Nice humourless application of elementary critical thinking in response to a blatantly sarcastic comment. *SLOW CLAP*


----------



## science (Oct 14, 2010)

There is supposed to be truth in jest. 

Again man, fine, you listen to the stuff by your favorite composers. But how do you know whether to listen to stuff by Bax, Borodin, Busoni, Balakirev, Beach...? 

There really is just too much music out there, and we have to have some guidance. The point of the list is not that some work is "better" than another, but that collectively more people recommended it and allowed it to be recommended. It is fairly (but not perfectly) reliable: you're more likely to walk into a conversation about Bach's Well-Tempered Clavier than into a discussion about Beach's Gaelic Symphony. 

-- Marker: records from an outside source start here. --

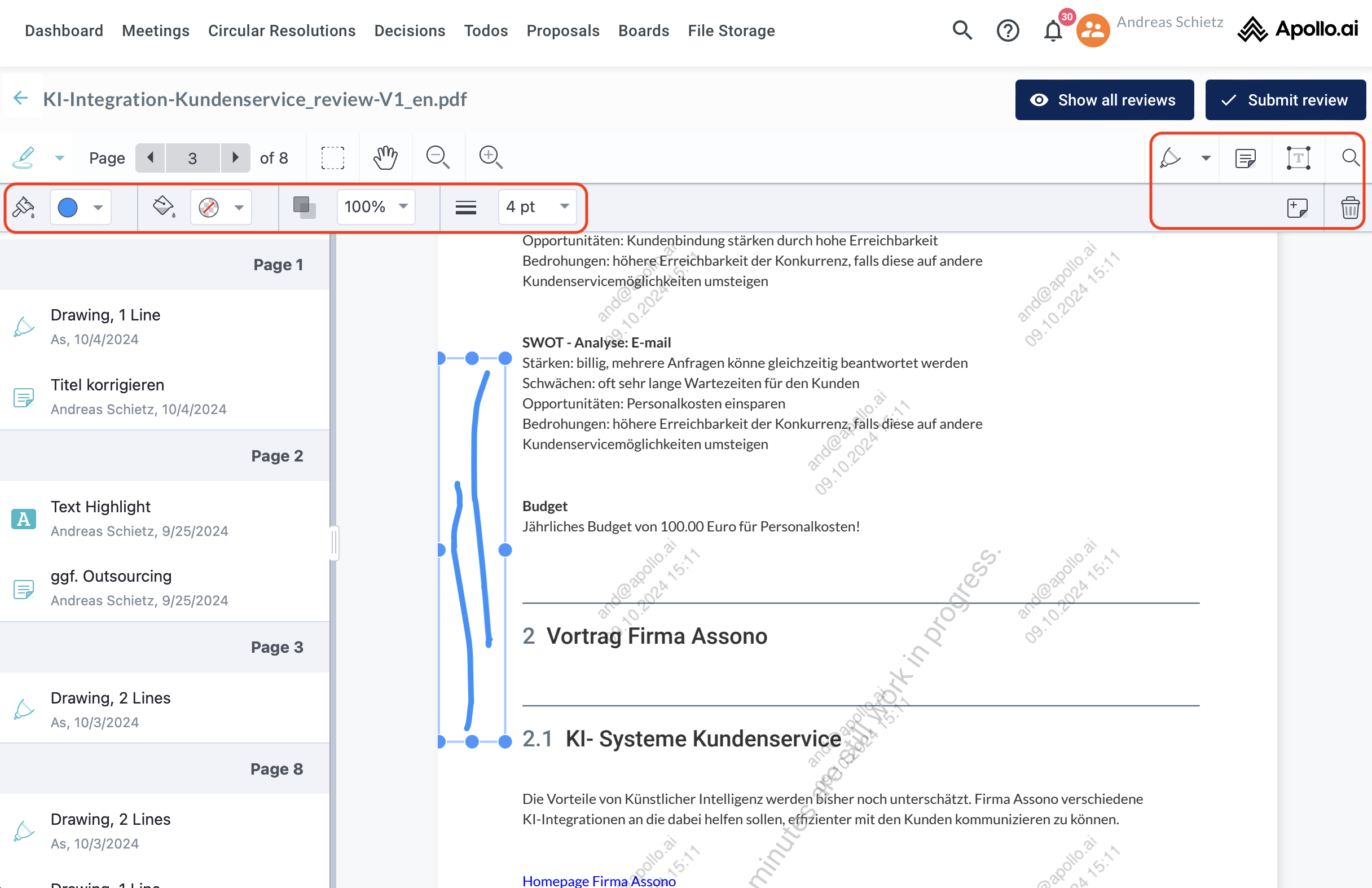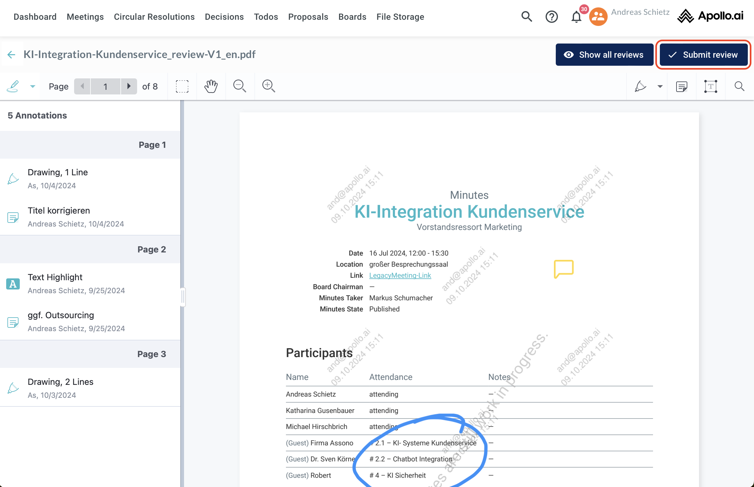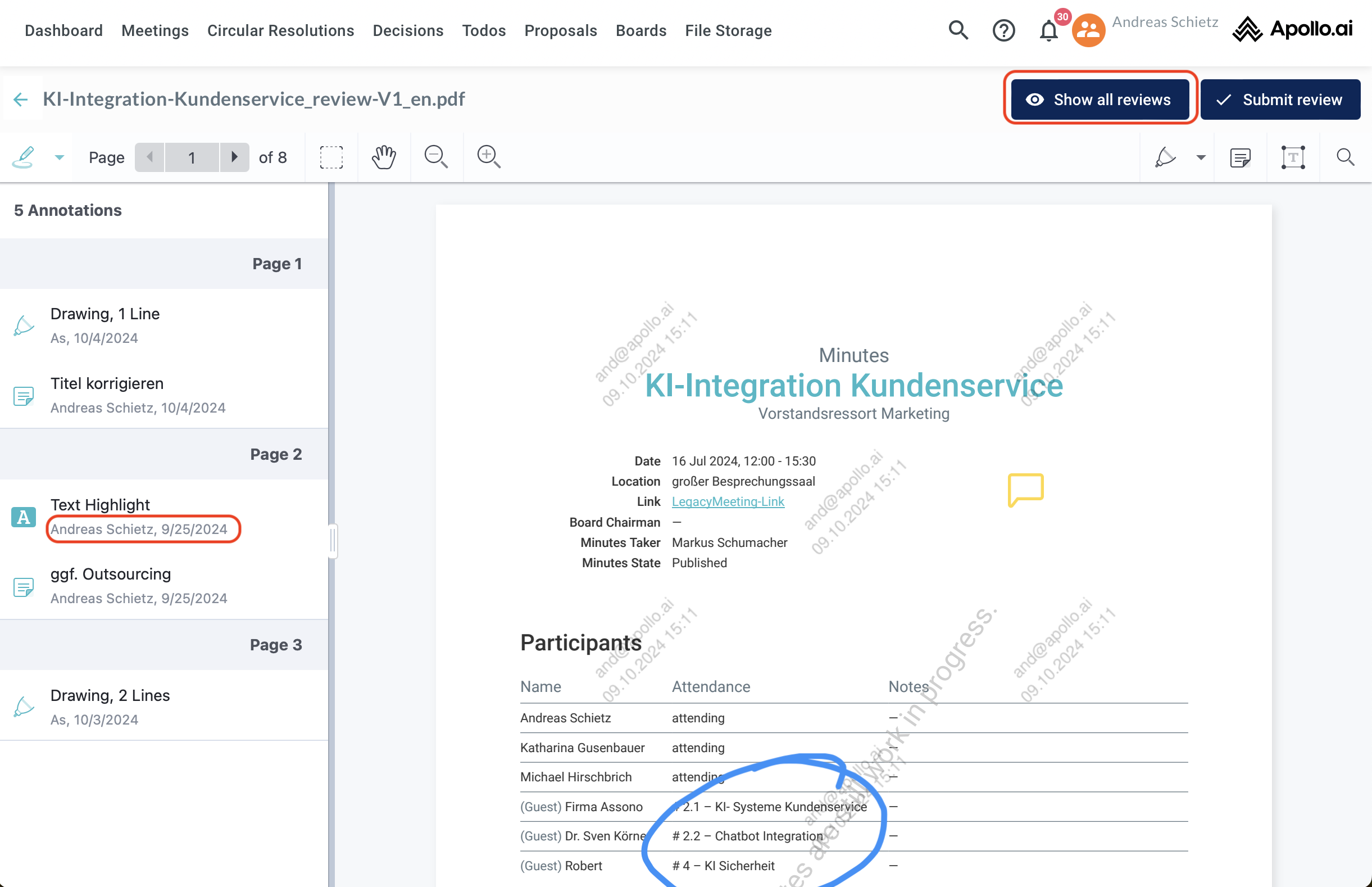 You can see all annotations and comments in the left column, as well as the name of the user who added the note and the review date. Easily switch between 'Show all reviews' and 'Show my reviews' through the button in the top-right corner based on whether you would like to see the other board members' reviews as well:
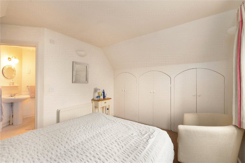 The bedroom benefits from elevated views across the surrounding area and includes its own en suite shower room.
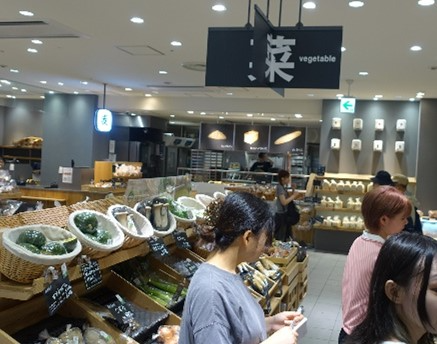 同店は、無印良品の商品だけでなく、生鮮食料品(青果、精肉、鮮魚)や加工食品、総菜なども品ぞろえする食料品スーパー部門も設けています。
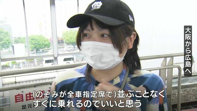 午前9時過ぎ、岡山駅に東京発の「のぞみ号」が到着しました。昨年末から「のぞみ号」は年末年始・ゴールデンウィーク・お盆などの混雑が予想される期間、「全席指定席での運行」としていて、午前中は車内の混雑は見られませんでした。
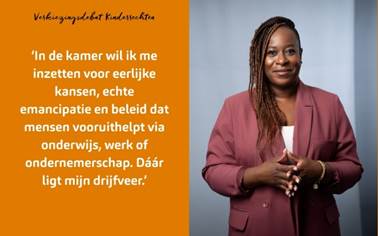 “Als wethouder zie ik dagelijks wat beleid in de praktijk betekent voor mensen. In de kamer wil ik me inzetten voor eerlijke kansen, echte emancipatie en beleid dat mensen vooruithelpt via onderwijs, werk of ondernemerschap. Dáár ligt mijn drijfveer.”
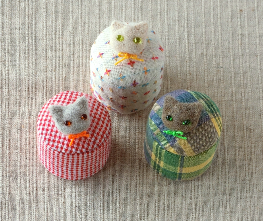 http://nekokematsuri.blog.shinobi.jp/ws/kyoto2018apr2教室作品「ちっちゃな猫顔つき小物入れ」のバリエーション
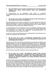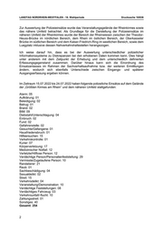 LANDTAG NORDRHEIN-WESTFALEN - 18. Wahlperiode Drucksache 18/636 2. Wie viele Straftaten wurden im Zeitraum der Rheinkirmes auf dem Kirmesgelände respektive dem näheren Umfeld registriert? (Bitte nach Straftatbestand aufschlüsseln) Im Zusammenhang mit der Rheinkirmes 2022 wurden im polizeilichen Vorgangsbearbeitungssystem 32 Straftaten erfasst. Die Deliktsaufschlüsselung ergibt sich aus Anlage 1. 3. Bei wie vielen der in Frage 1 durchgeführten Einsätze wurden Einsatzkräfte vor Ort bedrängt und/oder körperlich angegangen? Eine nähere Definition der Formulierung „bedrängt“ wurde nicht vorgenommen. Bereits eine Distanzunterschreitung kann insofern als Bedrängen verstanden werden. Eine statistische Erfassung der Einsätze, in denen eine Distanzunterschreitung oder ein verbales Angehen, ohne strafrechtlich relevantes Verhalten stattfindet, erfolgt nicht. Im Zusammenhang mit der Rheinkirmes wurde eine Strafanzeige (Widerstand gegen Vollstreckungsbeamte) unter dem Schlagwort „Gewalt gegen PVB“ gefertigt. Beleidigungen und Bedrohungen zum Nachteil der eingesetzten Polizeivollzugsbeamtinnen und Polizeivollzugsbeamten werden hierbei nicht erfasst. In einem Fall wurde durch die Besatzung eines Rettungsmittels eine Beschimpfung zum Nachteil der eingesetzten Kräfte dokumentiert. 4. Bei wie vielen der in Frage 1 durchgeführten Rettungseinsätze mussten Polizeibeamte herangezogen werden, um den Rettungseinsatz abzusichern und die Rettungskräfte zu schützen? Zwischen der Feuerwehr Düsseldorf, dem Polizeipräsidium Düsseldorf dem Sanitätsdienst der Hilfsorganisationen und dem Veranstaltungsordnungsdienst besteht ein abgestimmtes Verfahren zur Zusammenarbeit bei Einsätzen im Zusammenhang mit dieser Veranstaltung. Dabei geht es vorrangig um das schnelle Erreichen von Einsatzstellen, auch bei hohem Besucherandrang. Aufgrund der Kürze der zur Verfügung stehenden Zeit können kein Zahlen zugeliefert werden, da die Aufbereitung mit erheblichem Mehraufwand verbunden wäre. Eine Erfassung der polizeilichen Einsätze im Sinne der Anfrage erfolgt nicht. 5. Bei wie vielen der in Frage 1 durchgeführten Einsätze wurden Personen (vorübergehend) inhaftiert oder in Gewahrsam genommen? (Bitte Vorstrafen der Inhaftierten, Straftatbestände, Geschlecht, Alter, Staatsbürgerschaften sowie Vornamen der deutschen Inhaftierten und sonstige polizeilichen Erkenntnisse über diese nennen) Gemäß den Auswertungen der Kreispolizeibehörde Düsseldorf wurden im Sinne der Anfrage bei vier Personen freiheitsentziehende Maßnahmen durchgeführt. Eine konkrete Auflistung der Gründe der Freiheitsentziehungen, des Geschlechts, der Staatsangehörigkeit und des Alters der Personen sowie der polizeilichen Erkenntnisse ergeben sich aus der als Anlage 2 übersandten Tabelle. Aufgrund der engen zeitlichen und räumlichen Eingrenzung sowie weiterer Daten ließe die Nennung der Vornamen ggf. eine individuelle Identifizierbarkeit zu. Aus datenschutzrechtlichen Gründen wurde folglich auf die Namensnennung verzichtet. 3
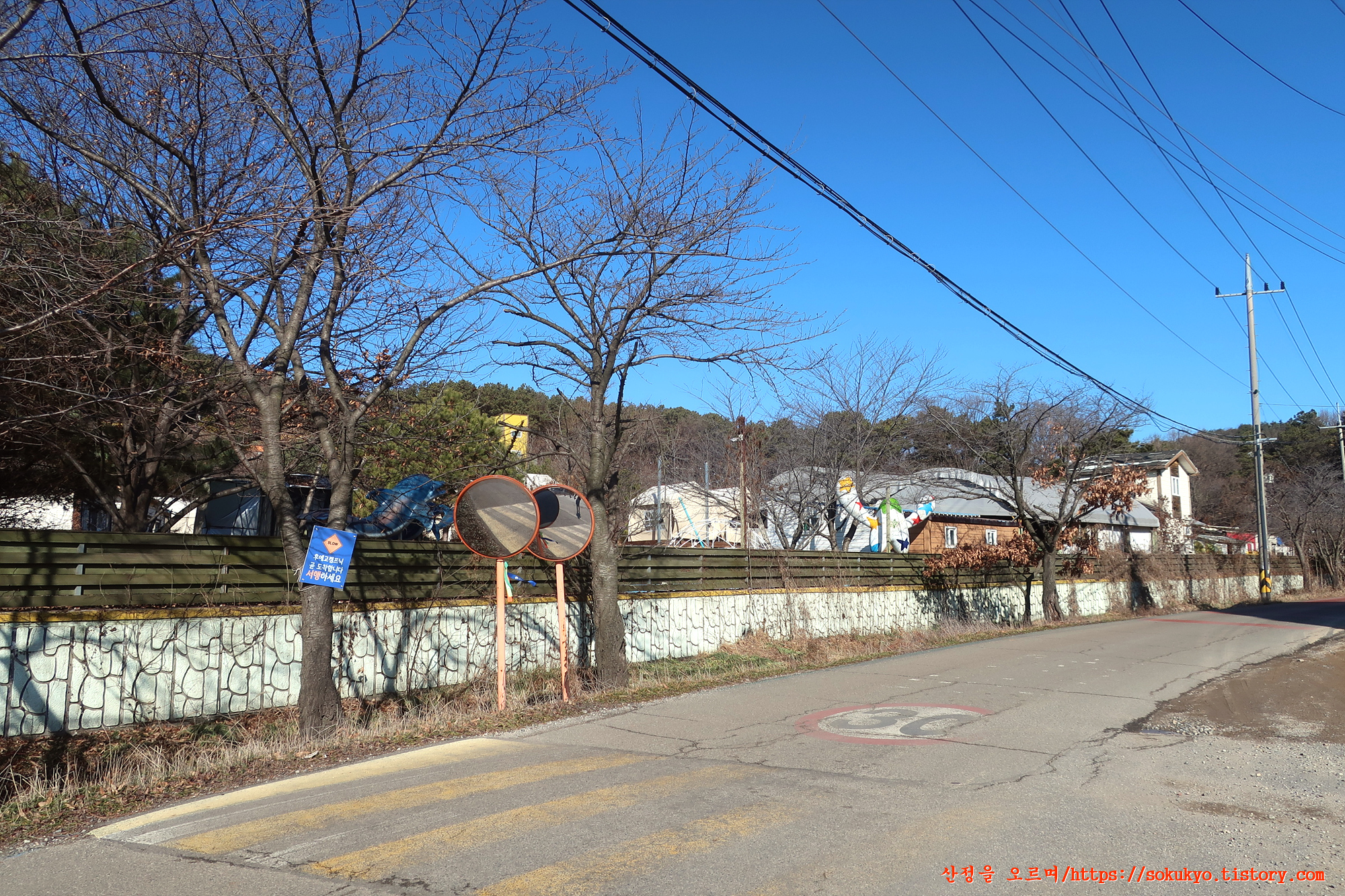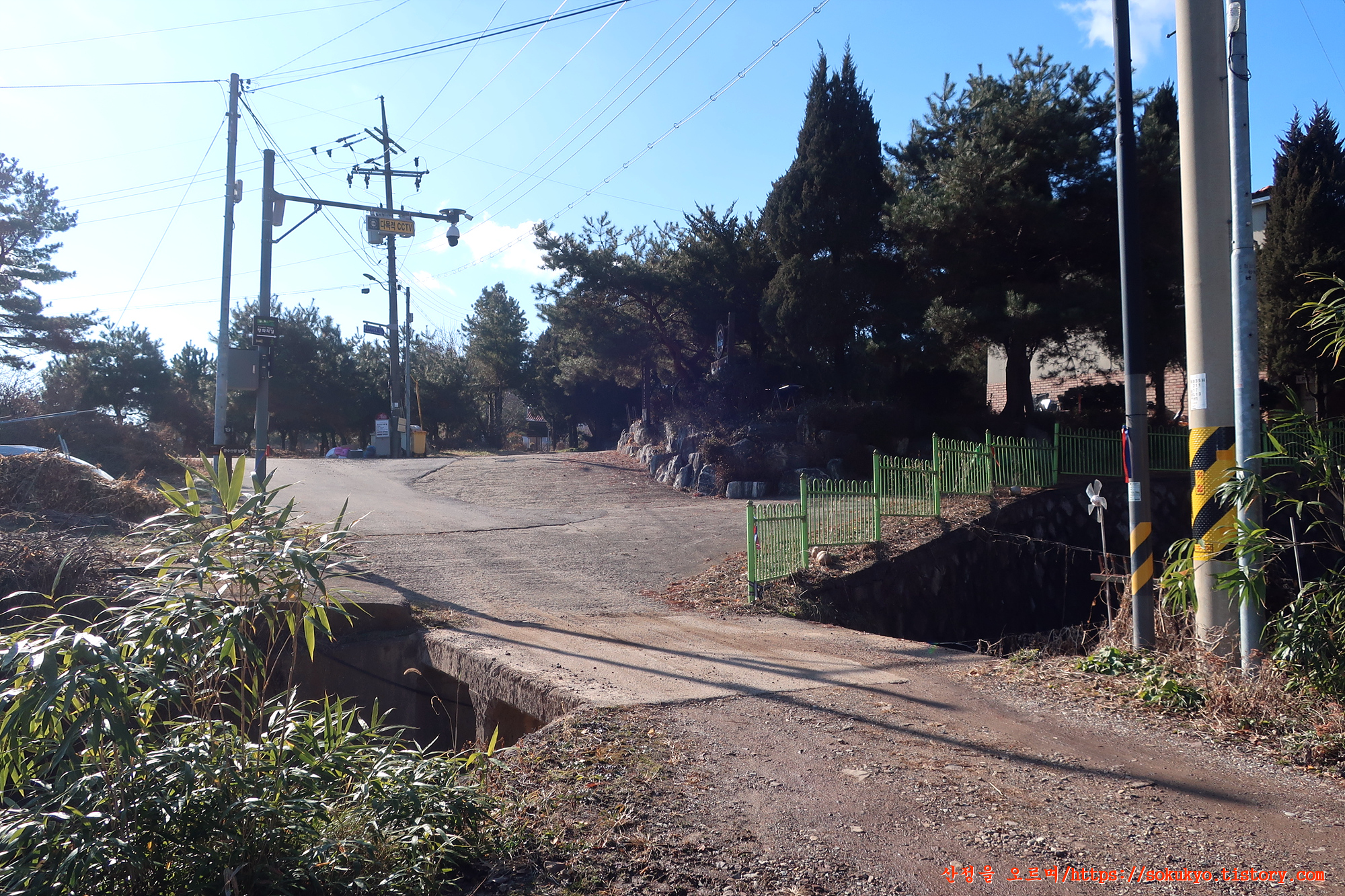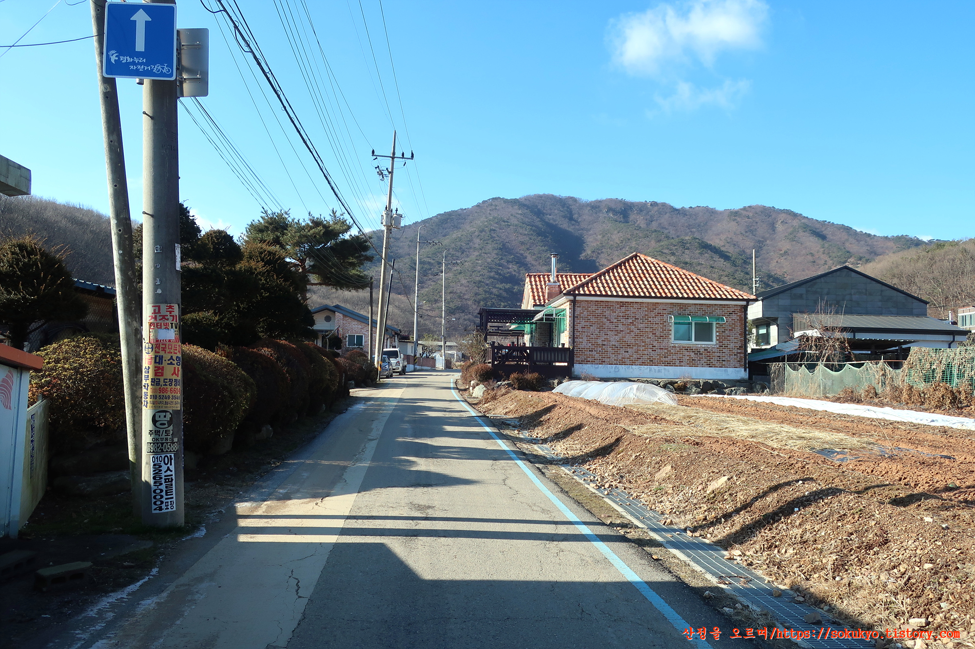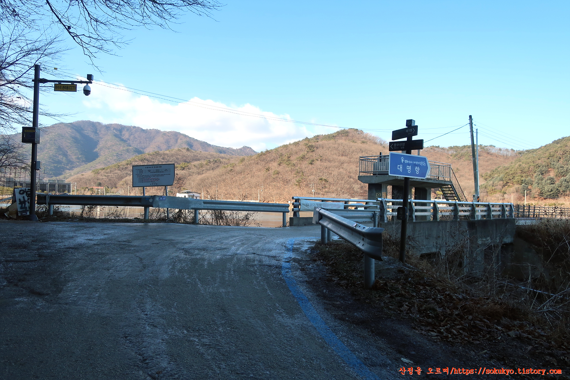 이정표가 있는 삼거리에서 좌측으로 휘어져
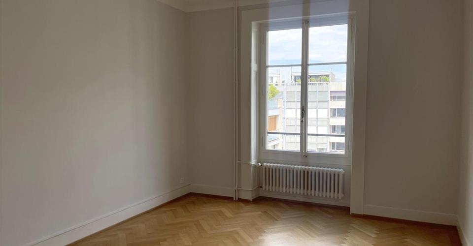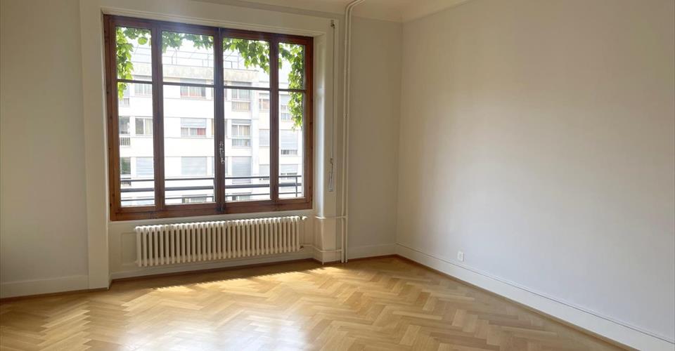 Dans un bel immeuble de standing, proche du parc Bertrand, de l’Eglise russe, des écoles, des transports publics (gare CEVA de Champel) et de toutes commodités. Ce sublime appartement, traversant et lumineux, avec beaux parquets et moulures au plafond se distribue comme suit : Grand hall d’entrée, double réception avec cheminée décorative donnant sur la loggia, cuisine équipée (four, plaques, hotte, réfrigérateur, congélateur), deux chambres, une chambrette, une salle de bains avec raccordement pour lave-linge/sèche-linge, une salle de douche, wc séparé. Cave n°14 à disposition. Charges mensuelles : CHF 314.- en sus. Disponibilité : 01.08.2025
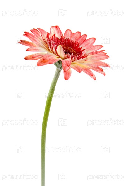 Розовая гербера на белом фоне

That might be obvious to you, so you can scorn the lists, but it's something that less well-educated people like myself need to be told.


----------



## tdc (Jan 17, 2011)

Polednice said:


> Nice humourless application of elementary critical thinking in response to a blatantly sarcastic comment. *SLOW CLAP*


Fair enough, but your blatantly sarcastic comment seemed to include a critique of the list threads - I was just pointing out the actual critique was a strawman, and not really relevant to any of the actual threads here. I guess I usually use humor when I am trying to be funny. Others often try to use it to express certain things besides just humor I guess. I wasn't trying to be funny or impress anyone - so why should I be fake about it or beat around the bush?


----------



## Lukecash12 (Sep 21, 2009)

Gentleman, don't get in a fight just yet... Mother, where did you my pom-poms!!! No, I don't have anger issues! What? I'm going back down to the man cave! Yes, make me dinner, Ma, I won't be watching Dr. Who all that long.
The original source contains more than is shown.